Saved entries

++++++

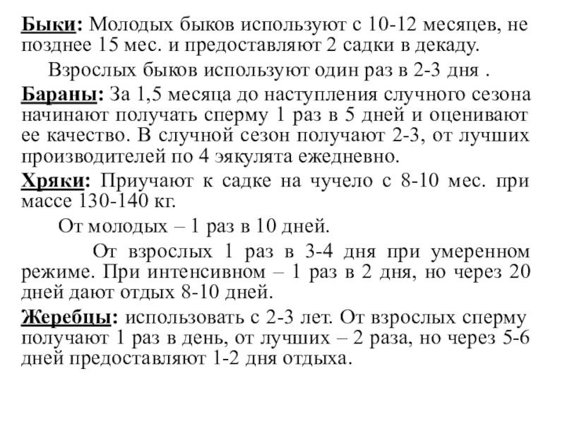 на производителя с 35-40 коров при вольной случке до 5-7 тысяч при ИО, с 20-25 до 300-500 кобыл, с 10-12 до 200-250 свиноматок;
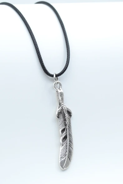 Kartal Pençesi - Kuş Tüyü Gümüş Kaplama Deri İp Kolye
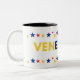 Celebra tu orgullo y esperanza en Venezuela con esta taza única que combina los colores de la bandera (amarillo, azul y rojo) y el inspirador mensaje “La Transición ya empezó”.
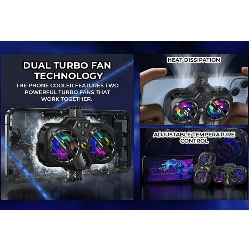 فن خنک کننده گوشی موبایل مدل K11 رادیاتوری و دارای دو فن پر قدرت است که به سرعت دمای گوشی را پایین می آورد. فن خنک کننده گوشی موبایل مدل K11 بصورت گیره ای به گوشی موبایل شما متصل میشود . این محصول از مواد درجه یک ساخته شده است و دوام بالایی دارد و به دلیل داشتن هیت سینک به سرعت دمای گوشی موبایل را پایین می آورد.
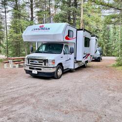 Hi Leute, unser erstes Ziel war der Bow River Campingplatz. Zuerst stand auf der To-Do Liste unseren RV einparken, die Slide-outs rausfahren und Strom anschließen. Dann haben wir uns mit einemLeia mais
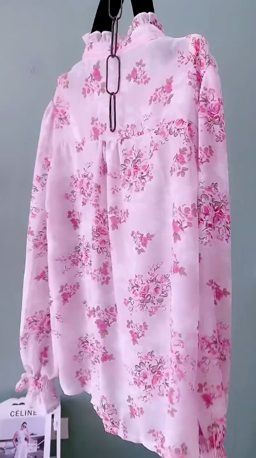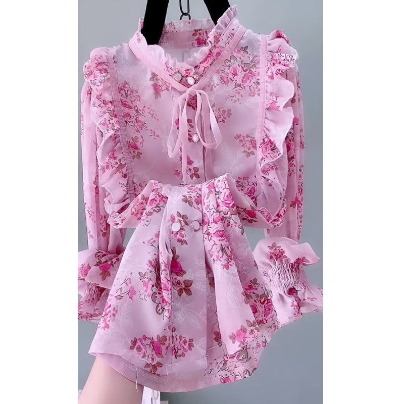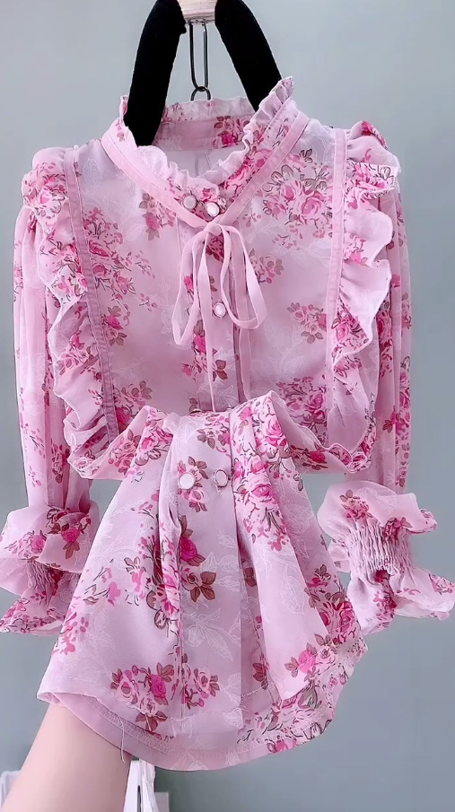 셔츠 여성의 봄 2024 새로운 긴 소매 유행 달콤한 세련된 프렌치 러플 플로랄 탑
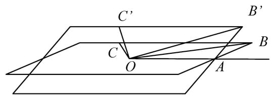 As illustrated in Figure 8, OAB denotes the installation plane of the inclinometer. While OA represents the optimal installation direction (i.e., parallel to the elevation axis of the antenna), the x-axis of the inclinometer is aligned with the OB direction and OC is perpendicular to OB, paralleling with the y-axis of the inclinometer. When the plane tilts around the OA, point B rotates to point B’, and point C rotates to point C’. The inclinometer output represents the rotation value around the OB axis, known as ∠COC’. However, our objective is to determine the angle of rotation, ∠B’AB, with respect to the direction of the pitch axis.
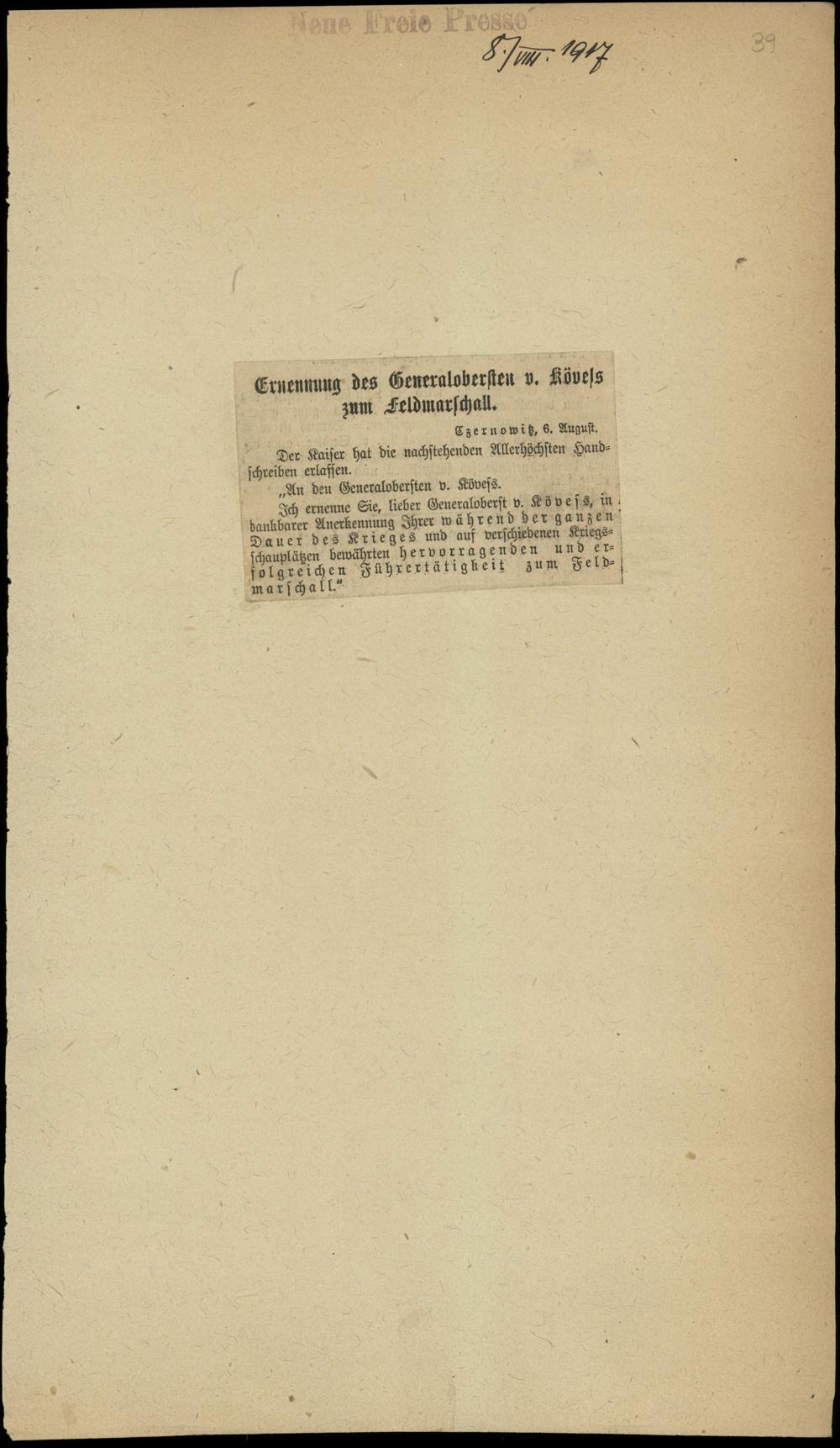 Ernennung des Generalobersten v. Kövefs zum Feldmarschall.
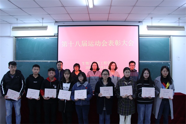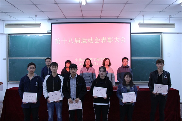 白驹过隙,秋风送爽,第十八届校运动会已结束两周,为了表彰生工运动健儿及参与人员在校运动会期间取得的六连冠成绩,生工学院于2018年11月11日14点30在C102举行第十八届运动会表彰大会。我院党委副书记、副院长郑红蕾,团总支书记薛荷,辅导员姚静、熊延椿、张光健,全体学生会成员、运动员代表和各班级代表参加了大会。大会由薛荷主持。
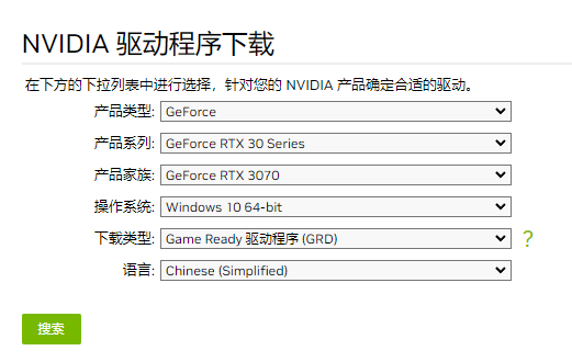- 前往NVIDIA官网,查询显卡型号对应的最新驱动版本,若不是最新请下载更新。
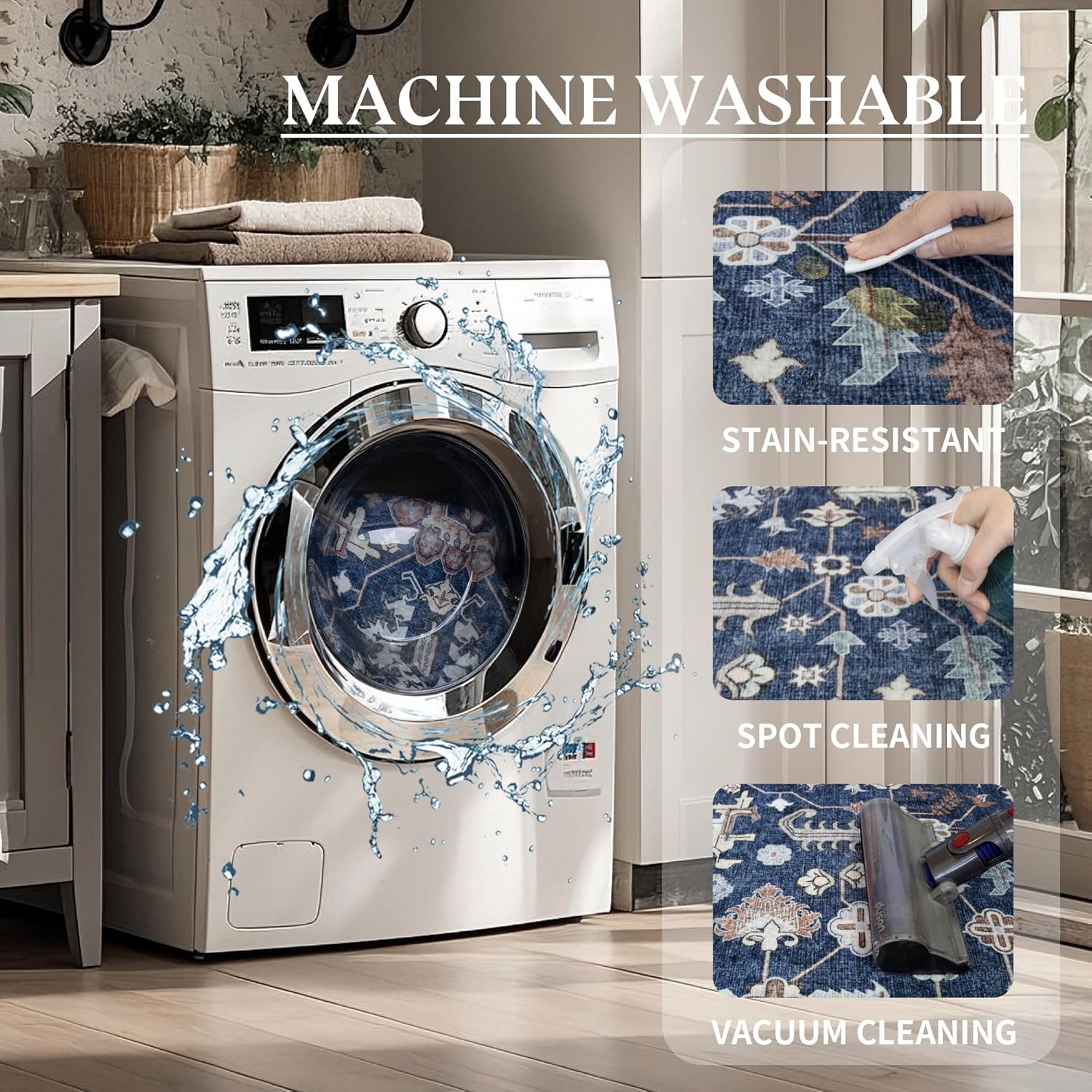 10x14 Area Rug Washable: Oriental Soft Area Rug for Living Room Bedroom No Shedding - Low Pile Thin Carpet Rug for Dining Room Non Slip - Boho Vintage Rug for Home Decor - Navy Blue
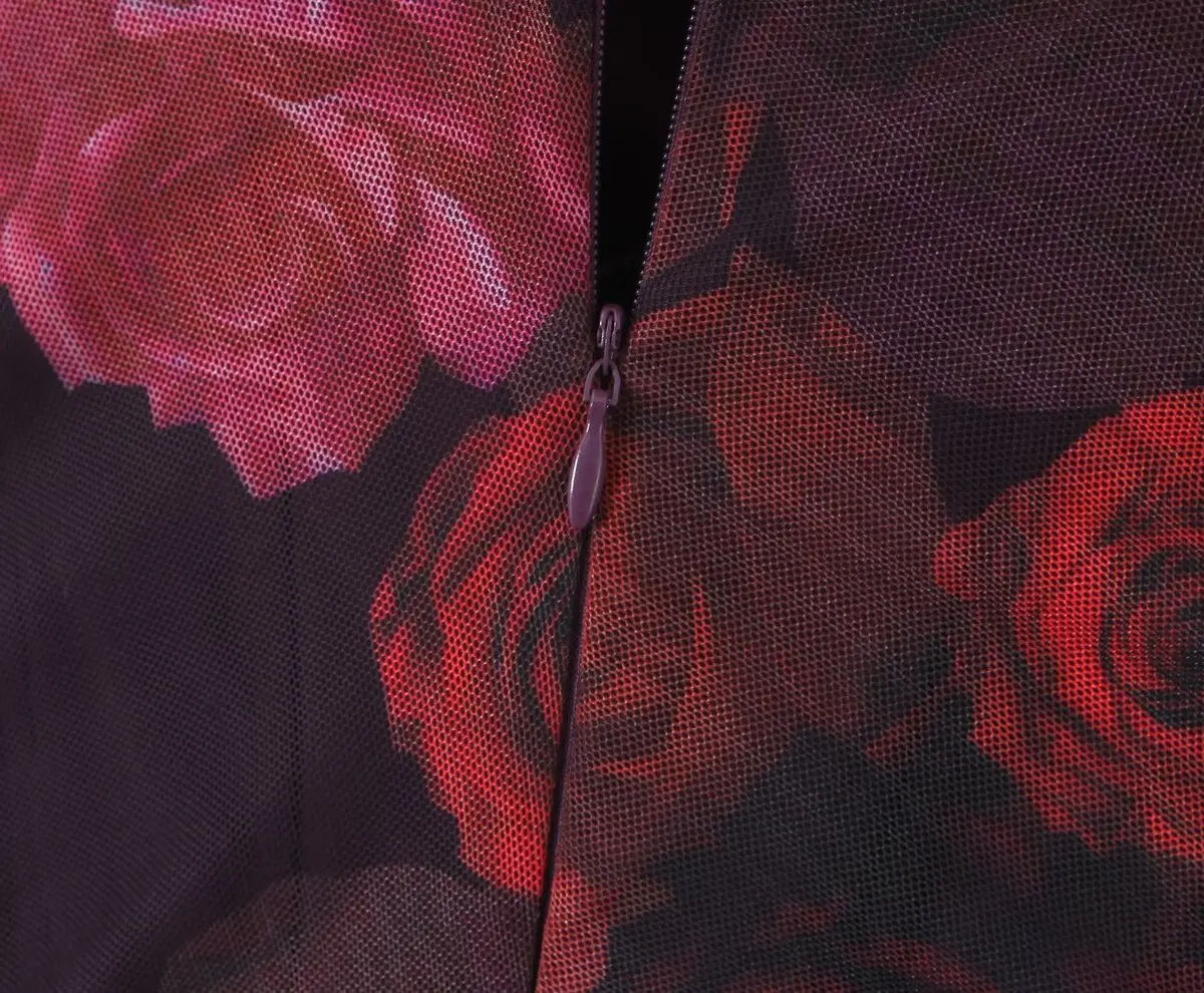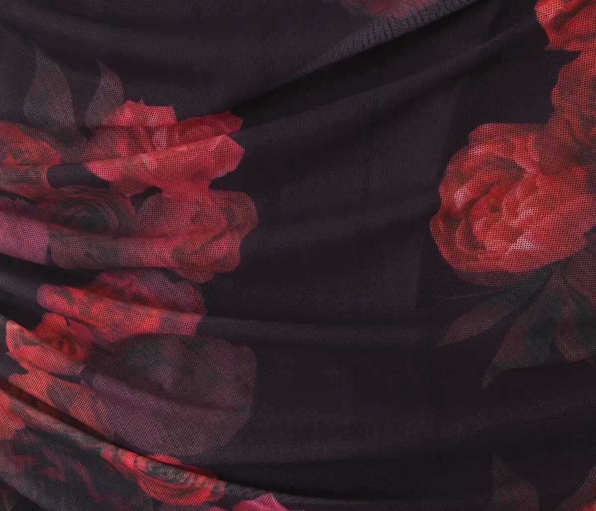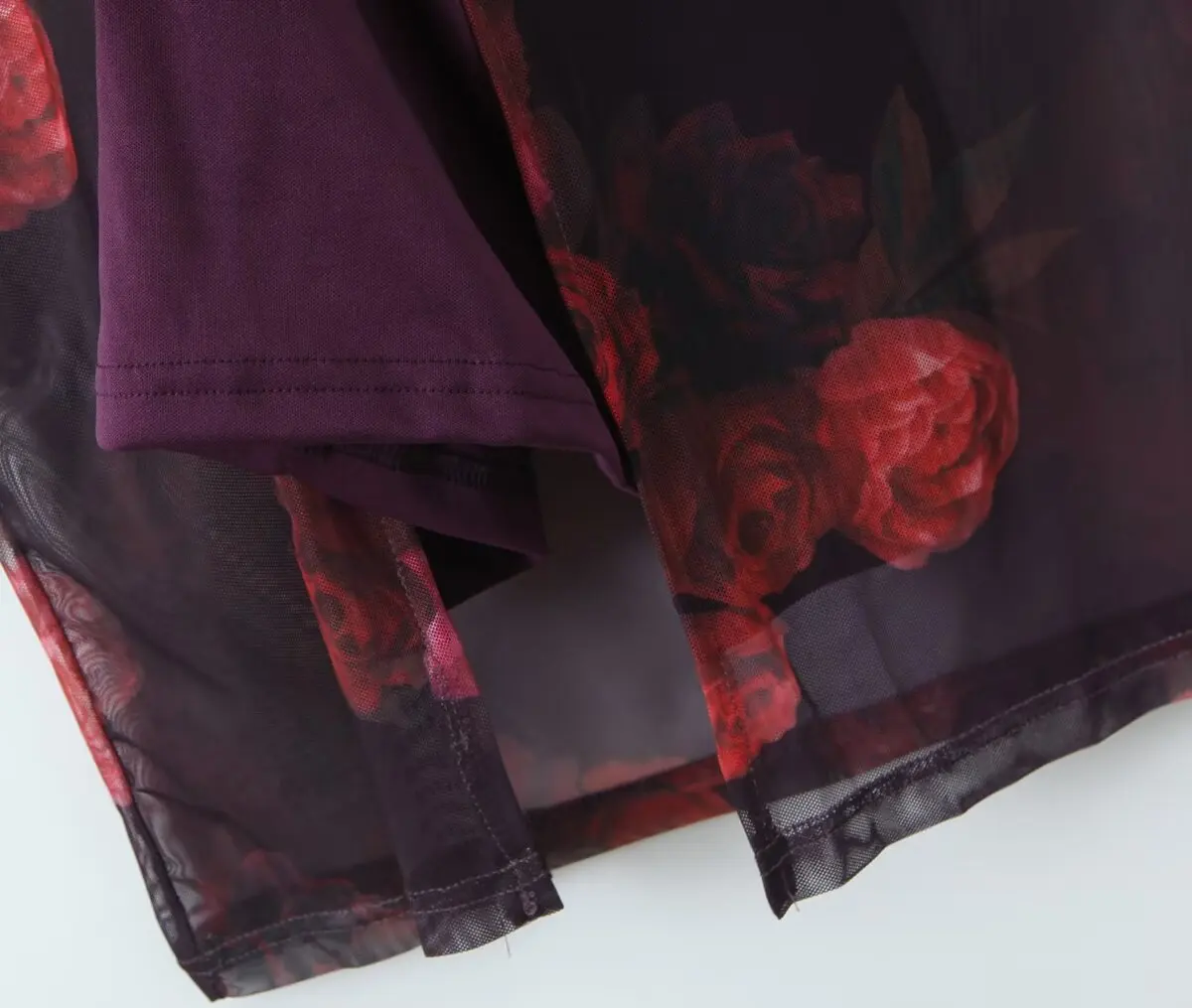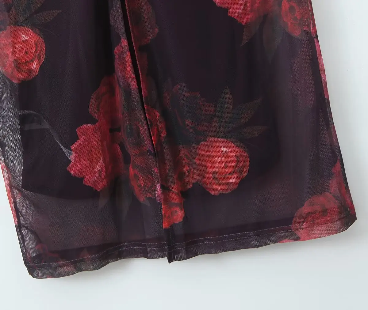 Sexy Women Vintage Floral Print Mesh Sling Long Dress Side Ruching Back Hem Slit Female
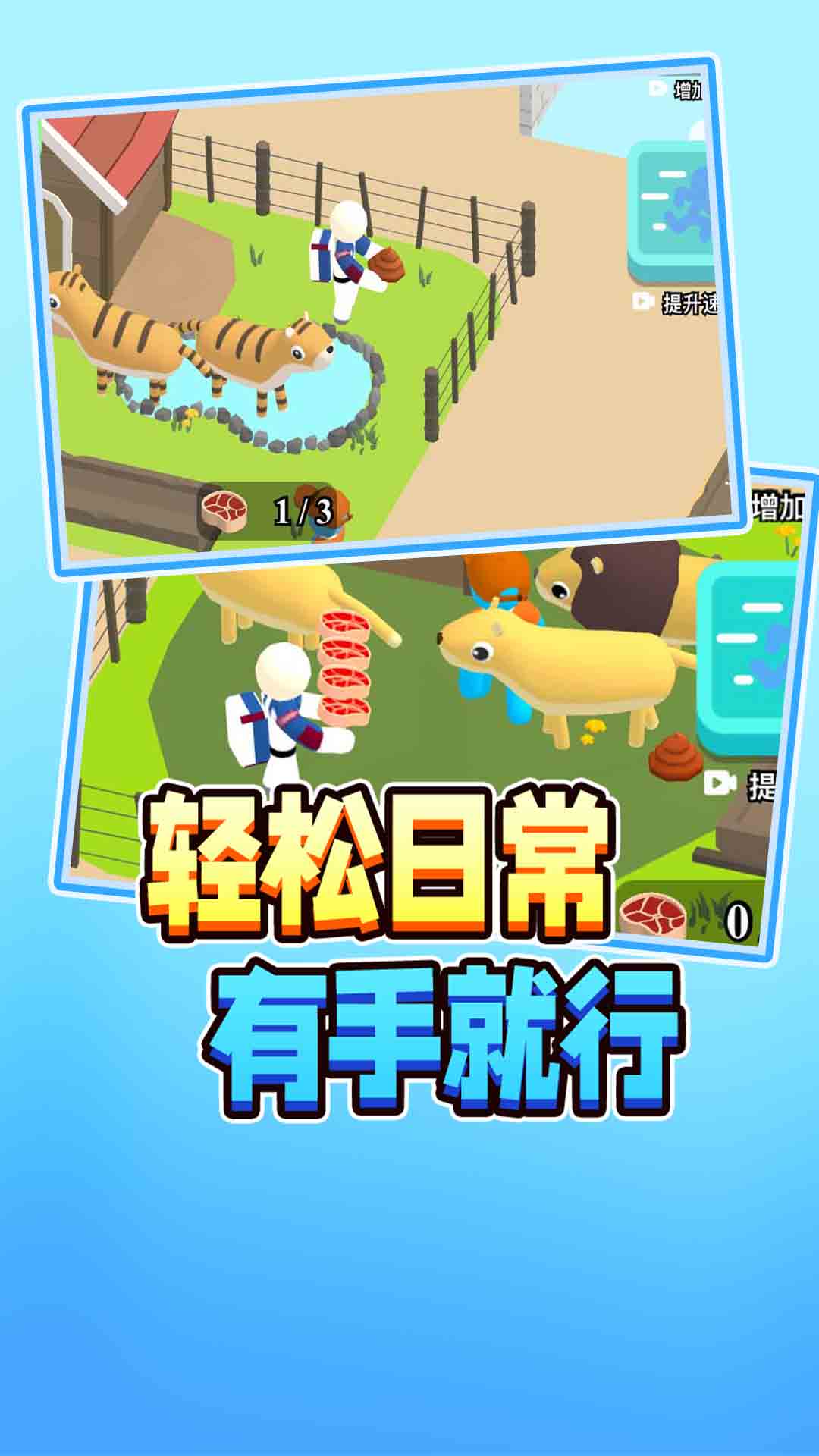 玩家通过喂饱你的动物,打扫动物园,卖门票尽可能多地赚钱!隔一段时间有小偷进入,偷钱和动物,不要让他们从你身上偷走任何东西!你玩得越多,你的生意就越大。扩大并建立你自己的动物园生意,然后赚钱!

++++++

With the pictures omitted, print the lines above exactly, beginning at the line with "Ernennung des Generalobersten" and going on through the line with "Sexy Women Vintage".

 Ernennung des Generalobersten v. Kövefs zum Feldmarschall.
 白驹过隙,秋风送爽,第十八届校运动会已结束两周,为了表彰生工运动健儿及参与人员在校运动会期间取得的六连冠成绩,生工学院于2018年11月11日14点30在C102举行第十八届运动会表彰大会。我院党委副书记、副院长郑红蕾,团总支书记薛荷,辅导员姚静、熊延椿、张光健,全体学生会成员、运动员代表和各班级代表参加了大会。大会由薛荷主持。
- 前往NVIDIA官网,查询显卡型号对应的最新驱动版本,若不是最新请下载更新。
 10x14 Area Rug Washable: Oriental Soft Area Rug for Living Room Bedroom No Shedding - Low Pile Thin Carpet Rug for Dining Room Non Slip - Boho Vintage Rug for Home Decor - Navy Blue
 Sexy Women Vintage Floral Print Mesh Sling Long Dress Side Ruching Back Hem Slit Female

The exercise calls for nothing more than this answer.